GischD commented 7 months ago

Hi @jasonleongbio and @seurat team,

I also faced issues in my code because I felt the lack of information in the manual. I fully understand the challenge involved in developing a package as complex and advanced as Seurat. The arrival of version 5, although a step forward, has introduced some uncertainties that naturally require time to clarify. I thought it might be beneficial to explore the idea of creating a collaborative manual. This approach would allow users to contribute solutions that they have documented themselves, which could significantly speed up the process of enriching the package documentation.

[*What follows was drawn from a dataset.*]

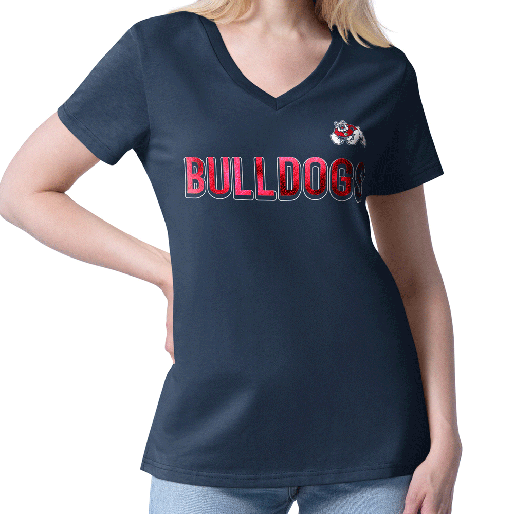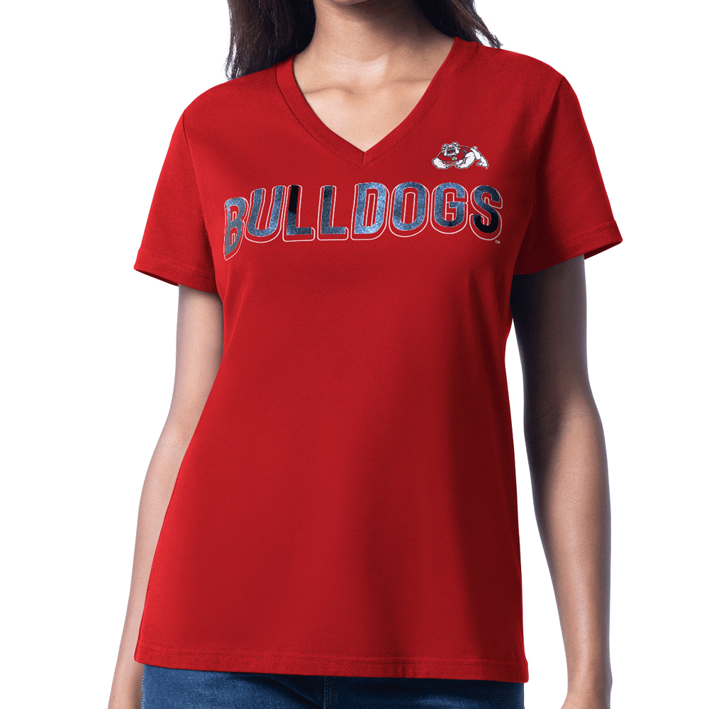Represent the Red Wave with the Top Dog V-Neck! This women's top features a screen printed design featuring a "Bulldogs" wordmark outlined in white with a glitter overlay, as well as a primary 4Paw Bulldog logo for extra flair. Perfect for game day - Go Dogs!

If the lab could curate these contributions before publishing them, it would guarantee the quality and relevance of the information shared. Furthermore, in the long term, we could even consider compiling these contributions into a collaborative book. Each contribution could become a chapter with a DOI, acknowledging and giving due credit to the users who contributed. This would strengthen the community around Seurat and encourage more active and engaged participation from everyone.

Thank you, Debora

jasonleongbio commented 7 months ago

Hi @GischD ,

I strongly agree that community contribution may help a lot in exploring the possibilities and limitations of the current version of Seurat, especially as there are so many tools for single-cell analyses nowadays and some (or perhaps many) rely on the SeuratObejct structure. However, I'm not sure how the Seurat team thinks about that, because the maintenance of the quality of the community-contributed tutorials may require additional effort (e.g. by decentralized peer review?)

In my case, if I simply look at the current manual, I cannot judge why SCTransform + without specifying normalization.method inside IntegrateLayers() may be problematic.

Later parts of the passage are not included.